Exercise brief:
Exactly the lines from the one holding "The product is" through the last line of the listing below must appear in the answer, and no pictures.

Stored data START

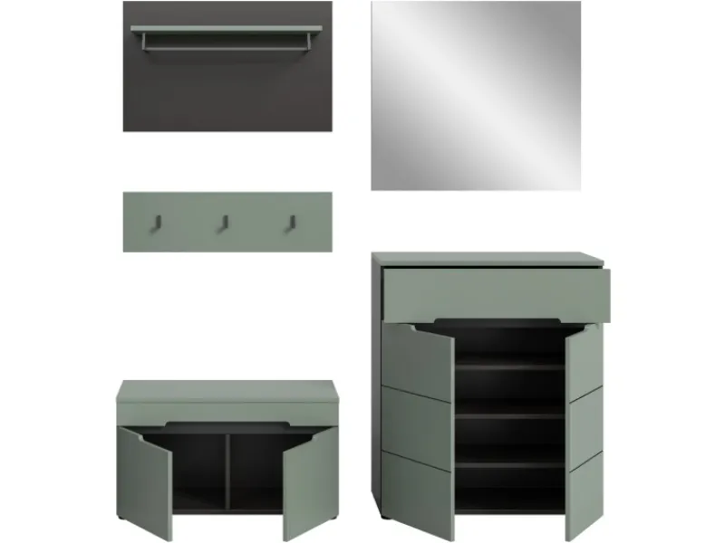 Garderobe „Cooper“ von Inn.Furn, 5-teilig, modernes Salbei Grün / Basalt Grau Design
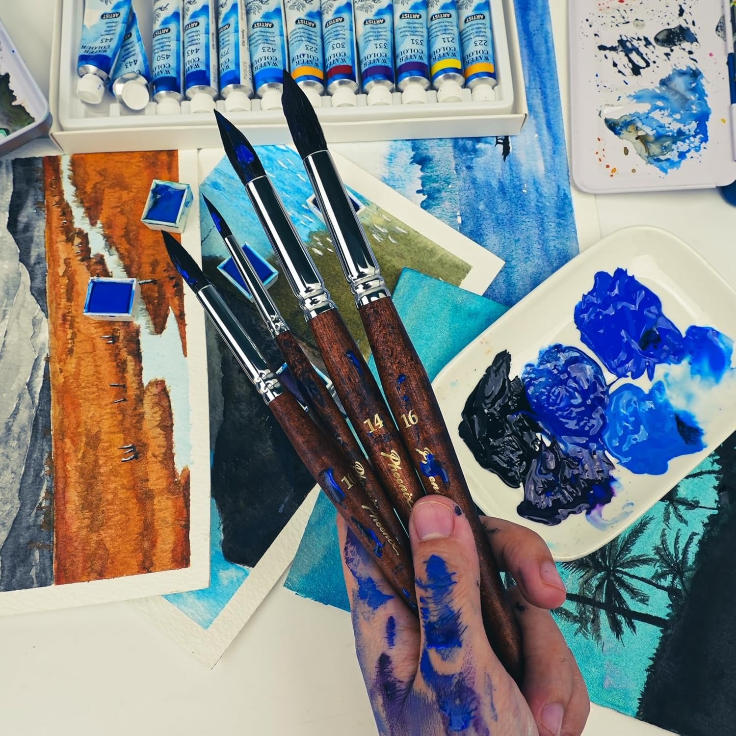 PHOENIX Squirrel Hair Watercolor Paint Brush Set
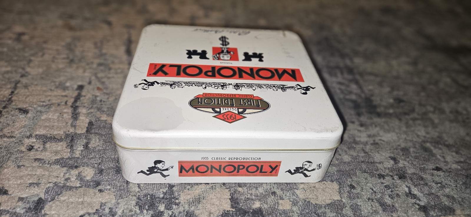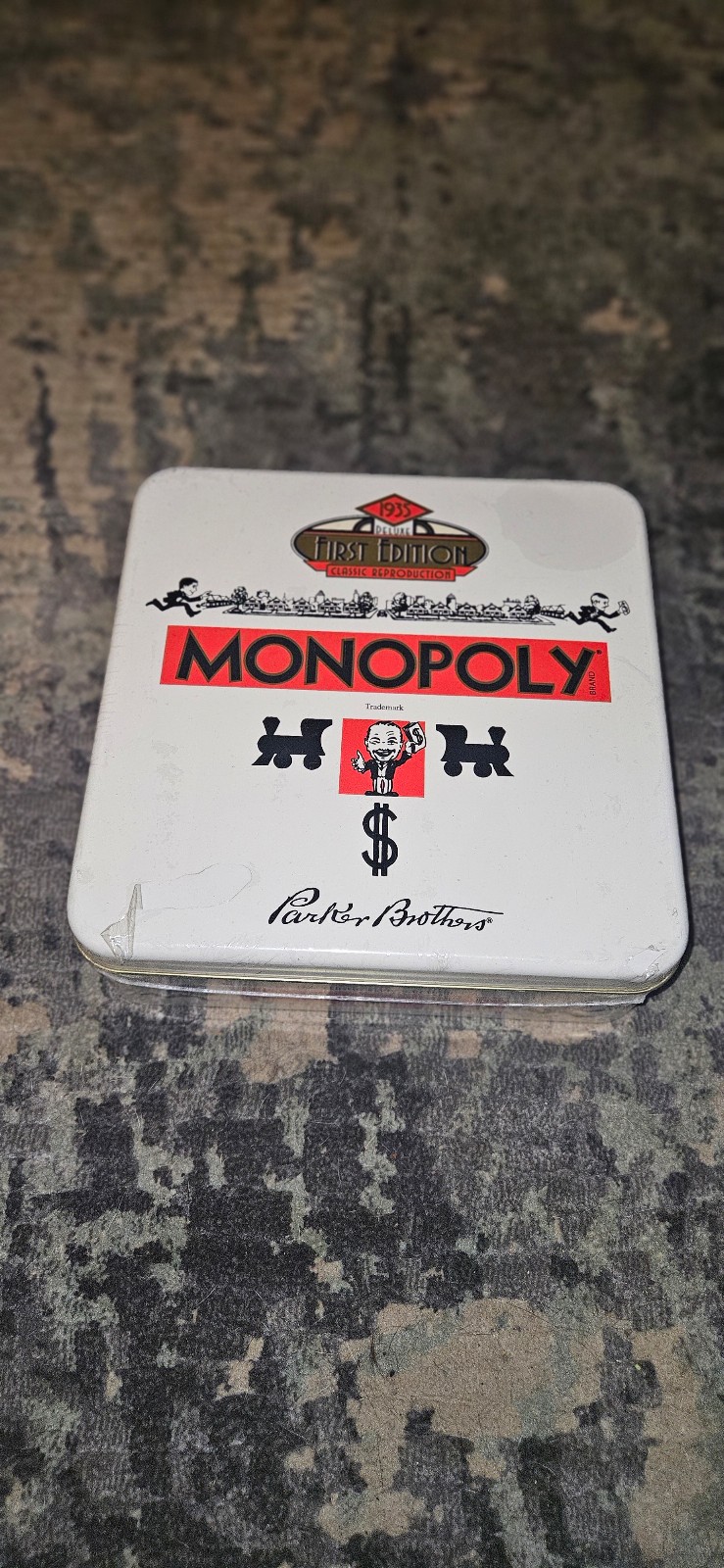 The product is a deluxe first edition reproduction of the classic board game Monopoly by Parker Brothers, released in 2002. This complete game is recommended for 8 years and up, and can be played by 2 or more players. Packaged in a tin box, this new and sealed version of Monopoly features the timeless finance theme that appeals to both boys and girls. Perfect for board game enthusiasts looking to enjoy the nostalgia of this iconic game in a high-quality reproduction.
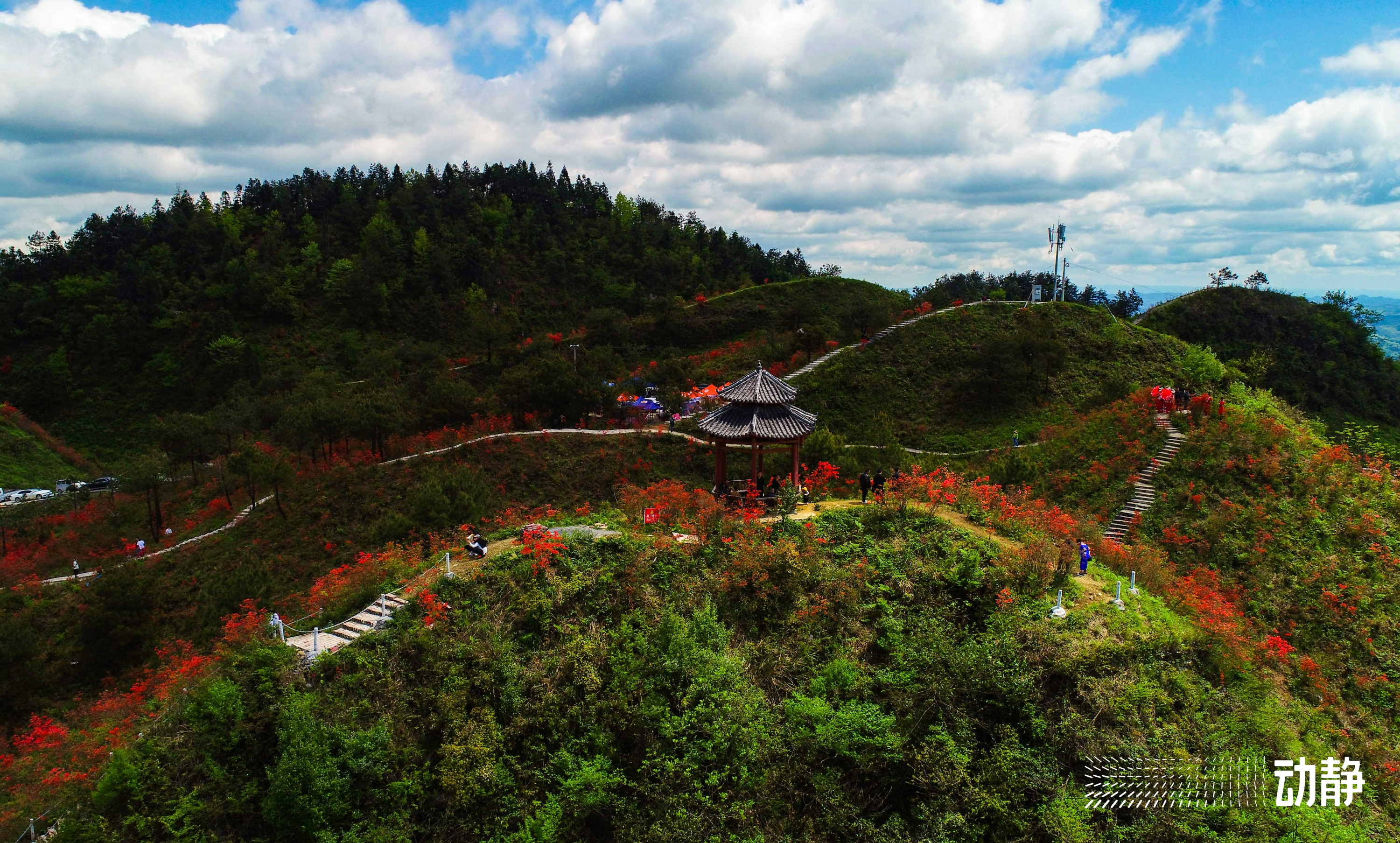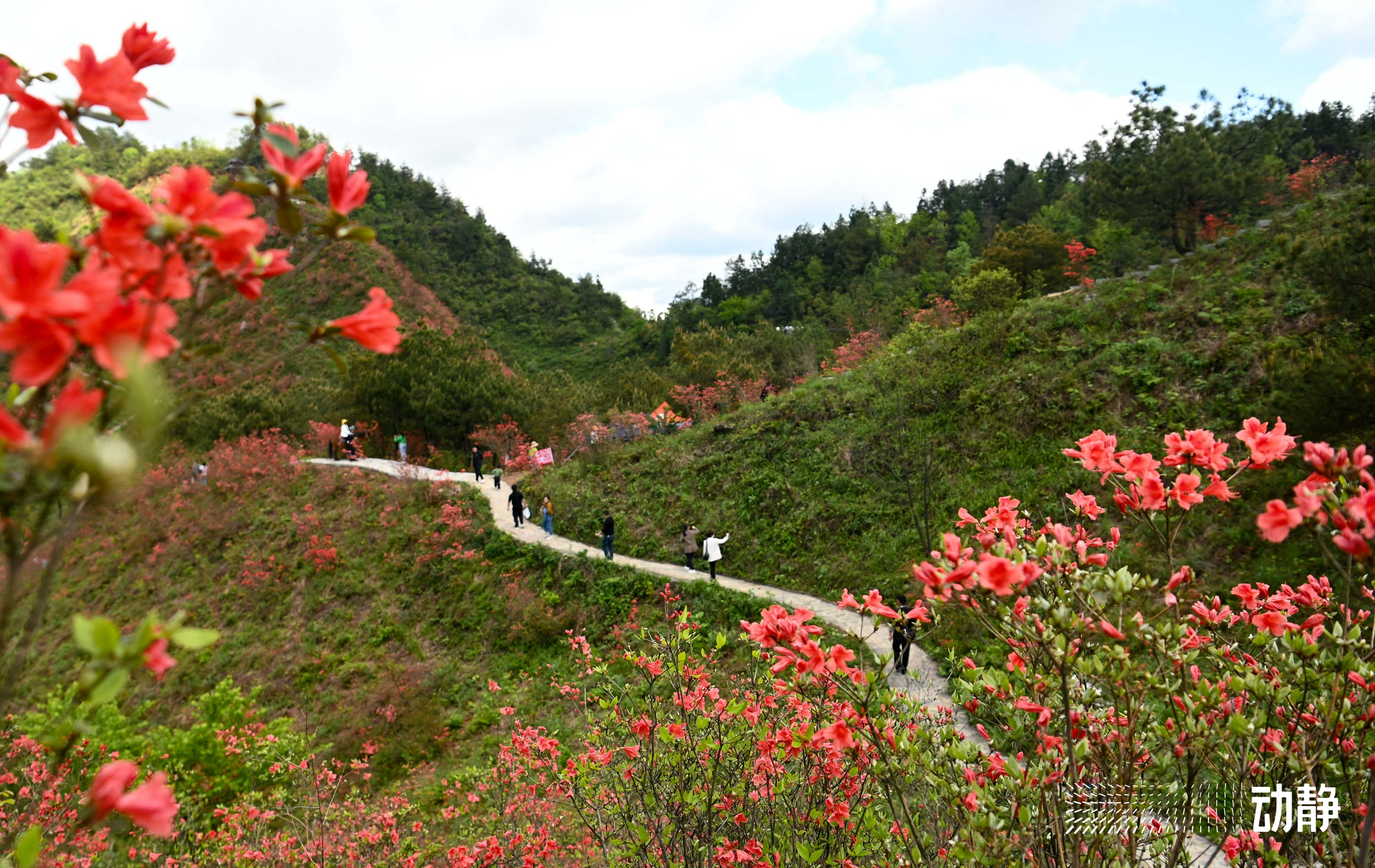 眼下,松桃苗族自治县长坪乡飞灵山景区的映山红迎来花期。趁着好天气,许多游客前往飞灵山景区游玩赏花,徜徉在花海里。

Stored data END

Output for this exercise:
 The product is a deluxe first edition reproduction of the classic board game Monopoly by Parker Brothers, released in 2002. This complete game is recommended for 8 years and up, and can be played by 2 or more players. Packaged in a tin box, this new and sealed version of Monopoly features the timeless finance theme that appeals to both boys and girls. Perfect for board game enthusiasts looking to enjoy the nostalgia of this iconic game in a high-quality reproduction.
 眼下,松桃苗族自治县长坪乡飞灵山景区的映山红迎来花期。趁着好天气,许多游客前往飞灵山景区游玩赏花,徜徉在花海里。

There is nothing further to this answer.